Коллектив авторов - Новые идеи в философии. Сборник номер 5
«Когда какая-либо форма жизни стареет», философия начинает воспроизводить ее седину в серых тонах, и тогда ее уже нельзя помолодить, а можно только познать; сова Минервы начинает свой полет лишь с наступлением сумерек» (ebenda 21; ср. Encykl. § 237: die Philosophie als Greis). Наша философия далека от такого божественно-сумеречного настроения; процесс мирового творчества в мышлении и в деле она рассматривает как бесконечный, следствие достигнутого и достижимого разрешения «уравнения» опыта, она понимает совершенно по Канту, как «асимптотическое приближение» к бесконечно удаленной цели, поставленной только в идее, в усмотрении духа. Тем не менее мы согласны с Гегелем в очень многом; можно было бы почти сказать: он разделяет истолкованный и развитый в нашем смысле «критический идеализм» во всем существенном, кроме одного: его абсолютизма. Однако это было бы не более безопасно, чем сказать: Тихо де Браге держался совершенно того же мнения, что и Коперник, кроме одной малости – он отрицал движение земли. Это сравнение верно еще и в другом смысле: несмотря на то, что Гегель желает основываться на «процессе», на движении понятия, его абсолютизм означает на самом деле стояние мышления. Его мировой процесс завершается и заканчивается четырьмя известными периодами. К этому-то мы и не можем примкнуть ни в каком случае.

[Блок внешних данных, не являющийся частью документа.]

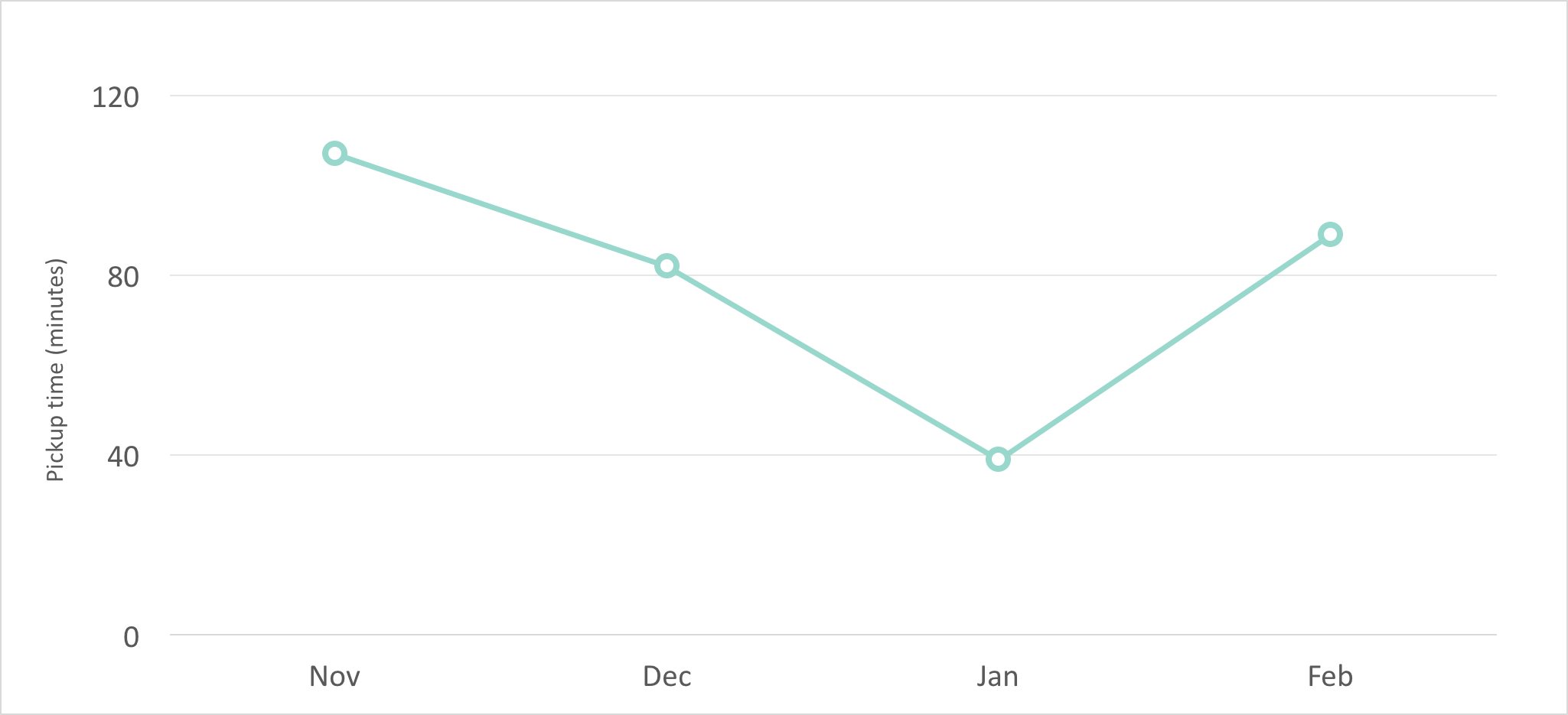 ピックアップタイムは3ヵ月に渡って向上していましたが、2月は89分とスピードがわずかに落ちてしまいました。これは、95%の案件がお客様の依頼後89分以内にピックアップされたことを示します。比較対象として、1月のピックアップ時間は39分でした。スピードはGengoのお客様にとって重要な要素の一つですので、引き続きこのメトリックを慎重にモニタリングして行きたいと思います。

В противоположном направлении удаляется от смысла трансцендентального метода, как мы его понимаем, новый трансцендентальный идеализм Риккерта. В противоположность всеобъемлемости Гегелевской логики, он стремится замкнуть господство последней в более узкие границы, отрицая за нами право утверждать не только время и пространство, но даже и число в качестве чисто логических образований. Здесь кажется уместным краткий экскурс в эту область, потому что Риккертовское исследование об «Одном едином и единстве» (в «Логосе» ч. II, т. 1), очевидно, относится к моему построению в «Логических основах», а книга Фришейзен-Келера «Наука и действительность» все понимание логического, каким его выдвигает наша школа, считает опровергнутым этим исследованием Риккерта.
Я не могу признать эту критику правильной. Сначала, в целом ряде положений, Риккерт, несмотря на различие выражений, по существу сходится со мною. Ни качество, ни, по его решительному признанию, количество, по существу не понимаются им иначе, нежели мною. Кроме того, он проводит с большою тонкостью различия, которые и я защищал по существу в том же смысле, и которые уже раньше были выяснены Платоном. В частности он показывает, что количество не является качеством и не может быть сведено к последнему, так же, как и обратно.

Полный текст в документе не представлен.